▸ **EXERCISE OBJECTIVE**
Please return all lines of the data below containing the string "pobreza".

(Records drawn from a dataset)
------------
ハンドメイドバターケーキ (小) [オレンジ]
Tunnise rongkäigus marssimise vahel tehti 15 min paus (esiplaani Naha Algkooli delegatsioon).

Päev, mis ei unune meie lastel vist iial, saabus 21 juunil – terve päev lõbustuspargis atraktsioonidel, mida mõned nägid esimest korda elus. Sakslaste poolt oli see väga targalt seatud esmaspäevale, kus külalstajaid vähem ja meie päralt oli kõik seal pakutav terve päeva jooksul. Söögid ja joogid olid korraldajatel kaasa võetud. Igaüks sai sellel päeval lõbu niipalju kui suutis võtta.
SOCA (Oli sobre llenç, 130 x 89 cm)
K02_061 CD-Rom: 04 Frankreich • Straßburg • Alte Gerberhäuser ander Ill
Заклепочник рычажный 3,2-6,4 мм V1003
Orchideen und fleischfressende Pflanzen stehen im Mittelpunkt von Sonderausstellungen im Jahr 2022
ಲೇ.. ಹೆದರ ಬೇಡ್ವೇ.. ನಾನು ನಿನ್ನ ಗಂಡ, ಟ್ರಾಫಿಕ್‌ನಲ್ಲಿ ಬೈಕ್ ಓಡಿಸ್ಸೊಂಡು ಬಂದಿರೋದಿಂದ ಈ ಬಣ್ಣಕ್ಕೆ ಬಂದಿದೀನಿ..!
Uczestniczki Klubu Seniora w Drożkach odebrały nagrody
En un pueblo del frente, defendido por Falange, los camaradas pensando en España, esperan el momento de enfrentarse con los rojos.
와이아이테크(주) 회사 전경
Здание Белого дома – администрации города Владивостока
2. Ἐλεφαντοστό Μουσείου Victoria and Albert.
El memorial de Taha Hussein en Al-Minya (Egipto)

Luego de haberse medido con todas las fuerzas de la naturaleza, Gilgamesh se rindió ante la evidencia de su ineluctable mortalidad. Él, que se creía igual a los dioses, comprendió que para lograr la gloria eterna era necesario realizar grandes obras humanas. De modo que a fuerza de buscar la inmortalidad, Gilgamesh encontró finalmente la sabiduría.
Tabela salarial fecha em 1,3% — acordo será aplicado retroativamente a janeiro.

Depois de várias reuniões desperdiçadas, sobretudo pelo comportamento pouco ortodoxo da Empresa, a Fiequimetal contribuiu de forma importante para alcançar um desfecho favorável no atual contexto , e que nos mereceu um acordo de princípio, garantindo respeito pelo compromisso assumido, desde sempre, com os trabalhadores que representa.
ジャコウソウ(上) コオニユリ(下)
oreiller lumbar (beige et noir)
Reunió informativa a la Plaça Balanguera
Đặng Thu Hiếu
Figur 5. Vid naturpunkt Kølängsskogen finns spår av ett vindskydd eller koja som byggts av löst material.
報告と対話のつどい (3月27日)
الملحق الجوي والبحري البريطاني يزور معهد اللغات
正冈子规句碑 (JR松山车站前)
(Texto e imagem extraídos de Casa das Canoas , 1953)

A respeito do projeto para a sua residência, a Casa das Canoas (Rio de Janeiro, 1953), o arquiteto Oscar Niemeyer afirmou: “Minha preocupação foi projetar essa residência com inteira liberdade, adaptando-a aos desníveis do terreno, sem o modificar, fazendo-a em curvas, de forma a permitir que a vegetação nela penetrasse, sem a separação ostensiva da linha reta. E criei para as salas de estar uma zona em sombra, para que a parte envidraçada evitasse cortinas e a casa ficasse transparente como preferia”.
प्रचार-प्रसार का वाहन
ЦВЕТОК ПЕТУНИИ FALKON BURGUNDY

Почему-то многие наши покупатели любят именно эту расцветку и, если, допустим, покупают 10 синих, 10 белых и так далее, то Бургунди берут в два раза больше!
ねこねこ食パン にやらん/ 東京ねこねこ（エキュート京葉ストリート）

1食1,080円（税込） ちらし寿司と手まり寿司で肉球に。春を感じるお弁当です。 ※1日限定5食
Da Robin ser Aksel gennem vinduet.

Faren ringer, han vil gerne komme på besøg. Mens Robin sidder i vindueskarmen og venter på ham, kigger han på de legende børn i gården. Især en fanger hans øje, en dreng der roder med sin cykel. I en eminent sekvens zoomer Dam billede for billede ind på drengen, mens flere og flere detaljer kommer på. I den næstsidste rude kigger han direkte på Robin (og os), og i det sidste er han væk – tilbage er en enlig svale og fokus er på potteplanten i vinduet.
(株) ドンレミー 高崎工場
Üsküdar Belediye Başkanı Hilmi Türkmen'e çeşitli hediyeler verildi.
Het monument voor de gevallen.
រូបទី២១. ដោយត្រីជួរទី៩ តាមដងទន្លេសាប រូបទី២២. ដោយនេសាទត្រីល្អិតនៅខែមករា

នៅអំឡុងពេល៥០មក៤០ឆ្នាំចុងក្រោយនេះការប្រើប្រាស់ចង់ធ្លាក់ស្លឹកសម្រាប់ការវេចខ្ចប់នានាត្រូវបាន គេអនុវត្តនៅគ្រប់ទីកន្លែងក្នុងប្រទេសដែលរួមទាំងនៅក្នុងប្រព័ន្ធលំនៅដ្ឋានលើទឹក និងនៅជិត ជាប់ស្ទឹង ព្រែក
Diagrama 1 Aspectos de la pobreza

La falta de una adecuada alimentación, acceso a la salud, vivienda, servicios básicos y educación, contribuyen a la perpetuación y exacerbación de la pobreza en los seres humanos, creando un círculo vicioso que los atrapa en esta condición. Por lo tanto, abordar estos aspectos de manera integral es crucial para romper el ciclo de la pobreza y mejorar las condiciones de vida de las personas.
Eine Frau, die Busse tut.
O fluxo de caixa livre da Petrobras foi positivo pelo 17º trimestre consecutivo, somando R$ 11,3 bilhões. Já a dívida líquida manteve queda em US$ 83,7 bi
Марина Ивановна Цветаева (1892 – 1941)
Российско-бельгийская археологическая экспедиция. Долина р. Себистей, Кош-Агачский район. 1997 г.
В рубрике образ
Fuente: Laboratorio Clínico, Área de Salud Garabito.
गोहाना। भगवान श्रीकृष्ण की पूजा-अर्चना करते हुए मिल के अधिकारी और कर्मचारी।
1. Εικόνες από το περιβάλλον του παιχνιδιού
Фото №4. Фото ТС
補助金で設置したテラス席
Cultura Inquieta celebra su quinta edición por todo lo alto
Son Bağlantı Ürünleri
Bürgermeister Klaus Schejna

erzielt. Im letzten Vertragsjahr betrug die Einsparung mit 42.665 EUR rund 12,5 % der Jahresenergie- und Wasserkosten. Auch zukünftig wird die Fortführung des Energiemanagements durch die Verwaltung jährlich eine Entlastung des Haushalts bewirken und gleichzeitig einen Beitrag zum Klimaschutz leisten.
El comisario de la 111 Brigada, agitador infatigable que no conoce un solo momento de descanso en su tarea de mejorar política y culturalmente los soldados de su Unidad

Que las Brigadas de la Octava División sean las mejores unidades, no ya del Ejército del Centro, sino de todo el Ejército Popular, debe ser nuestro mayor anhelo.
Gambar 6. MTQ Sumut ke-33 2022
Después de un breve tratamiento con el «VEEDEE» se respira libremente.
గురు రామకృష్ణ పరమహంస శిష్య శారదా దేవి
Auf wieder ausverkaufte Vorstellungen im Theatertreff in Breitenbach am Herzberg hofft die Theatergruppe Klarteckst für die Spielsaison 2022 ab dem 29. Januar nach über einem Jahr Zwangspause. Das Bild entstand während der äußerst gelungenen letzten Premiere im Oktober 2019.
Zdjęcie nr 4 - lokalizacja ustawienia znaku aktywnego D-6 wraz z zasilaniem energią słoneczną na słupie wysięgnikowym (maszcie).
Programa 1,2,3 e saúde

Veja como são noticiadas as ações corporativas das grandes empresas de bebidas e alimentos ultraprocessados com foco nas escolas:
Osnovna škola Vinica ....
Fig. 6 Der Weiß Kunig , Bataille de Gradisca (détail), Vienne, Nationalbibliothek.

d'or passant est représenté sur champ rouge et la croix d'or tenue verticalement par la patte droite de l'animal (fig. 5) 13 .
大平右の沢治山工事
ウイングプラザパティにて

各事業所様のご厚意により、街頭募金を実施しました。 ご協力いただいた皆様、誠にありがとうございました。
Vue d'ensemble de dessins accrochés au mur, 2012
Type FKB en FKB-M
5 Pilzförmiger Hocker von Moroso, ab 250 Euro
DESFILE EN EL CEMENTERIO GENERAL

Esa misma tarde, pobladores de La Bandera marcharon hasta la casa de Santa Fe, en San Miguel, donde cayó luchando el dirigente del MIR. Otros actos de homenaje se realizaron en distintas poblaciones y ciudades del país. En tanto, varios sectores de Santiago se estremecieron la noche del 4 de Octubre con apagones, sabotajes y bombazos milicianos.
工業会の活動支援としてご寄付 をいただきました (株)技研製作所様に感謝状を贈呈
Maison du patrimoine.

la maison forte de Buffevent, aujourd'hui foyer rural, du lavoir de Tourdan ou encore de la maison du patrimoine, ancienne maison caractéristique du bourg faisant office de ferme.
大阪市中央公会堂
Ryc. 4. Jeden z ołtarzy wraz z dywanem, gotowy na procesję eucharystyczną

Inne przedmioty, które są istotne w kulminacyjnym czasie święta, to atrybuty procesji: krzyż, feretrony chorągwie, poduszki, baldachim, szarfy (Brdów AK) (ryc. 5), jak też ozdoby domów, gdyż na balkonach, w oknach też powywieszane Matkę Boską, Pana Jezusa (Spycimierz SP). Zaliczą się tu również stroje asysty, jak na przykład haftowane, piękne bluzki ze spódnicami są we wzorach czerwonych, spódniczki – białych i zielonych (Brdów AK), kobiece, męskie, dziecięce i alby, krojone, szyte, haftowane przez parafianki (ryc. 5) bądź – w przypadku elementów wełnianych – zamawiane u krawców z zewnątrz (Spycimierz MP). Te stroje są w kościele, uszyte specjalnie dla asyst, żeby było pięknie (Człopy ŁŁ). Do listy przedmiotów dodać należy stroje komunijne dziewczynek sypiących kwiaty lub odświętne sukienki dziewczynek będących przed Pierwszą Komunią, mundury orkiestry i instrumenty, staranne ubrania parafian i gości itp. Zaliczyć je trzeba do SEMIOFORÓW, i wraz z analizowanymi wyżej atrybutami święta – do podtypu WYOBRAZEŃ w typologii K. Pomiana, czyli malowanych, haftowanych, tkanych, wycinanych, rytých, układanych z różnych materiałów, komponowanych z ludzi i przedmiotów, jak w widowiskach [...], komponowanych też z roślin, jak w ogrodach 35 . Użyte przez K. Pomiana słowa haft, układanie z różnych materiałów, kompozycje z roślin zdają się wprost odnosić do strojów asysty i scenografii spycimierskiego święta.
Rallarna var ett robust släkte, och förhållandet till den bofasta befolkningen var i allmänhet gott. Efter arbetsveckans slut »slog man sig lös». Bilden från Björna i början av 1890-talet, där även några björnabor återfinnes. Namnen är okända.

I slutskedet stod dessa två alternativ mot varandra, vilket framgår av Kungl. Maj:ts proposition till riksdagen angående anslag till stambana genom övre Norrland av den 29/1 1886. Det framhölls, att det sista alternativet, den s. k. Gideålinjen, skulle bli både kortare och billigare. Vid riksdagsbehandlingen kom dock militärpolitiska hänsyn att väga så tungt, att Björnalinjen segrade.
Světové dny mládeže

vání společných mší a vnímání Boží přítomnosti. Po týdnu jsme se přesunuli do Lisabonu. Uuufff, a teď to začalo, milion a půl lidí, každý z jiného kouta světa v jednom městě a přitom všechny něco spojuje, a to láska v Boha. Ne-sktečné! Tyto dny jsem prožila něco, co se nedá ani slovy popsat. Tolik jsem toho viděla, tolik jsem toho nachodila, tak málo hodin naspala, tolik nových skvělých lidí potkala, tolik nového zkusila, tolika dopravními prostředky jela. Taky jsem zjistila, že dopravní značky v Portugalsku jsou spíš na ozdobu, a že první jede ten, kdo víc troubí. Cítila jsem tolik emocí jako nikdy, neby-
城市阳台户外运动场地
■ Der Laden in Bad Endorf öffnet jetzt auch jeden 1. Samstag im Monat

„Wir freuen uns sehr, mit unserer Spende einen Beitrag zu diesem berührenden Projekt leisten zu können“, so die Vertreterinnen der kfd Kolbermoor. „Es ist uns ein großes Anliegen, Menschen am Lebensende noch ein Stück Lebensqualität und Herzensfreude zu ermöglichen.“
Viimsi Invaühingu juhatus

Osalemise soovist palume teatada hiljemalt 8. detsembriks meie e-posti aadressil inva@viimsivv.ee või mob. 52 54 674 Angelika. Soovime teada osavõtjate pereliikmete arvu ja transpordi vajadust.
------------
▸ **RESPONSE TO THIS TASK**
Diagrama 1 Aspectos de la pobreza
La falta de una adecuada alimentación, acceso a la salud, vivienda, servicios básicos y educación, contribuyen a la perpetuación y exacerbación de la pobreza en los seres humanos, creando un círculo vicioso que los atrapa en esta condición. Por lo tanto, abordar estos aspectos de manera integral es crucial para romper el ciclo de la pobreza y mejorar las condiciones de vida de las personas.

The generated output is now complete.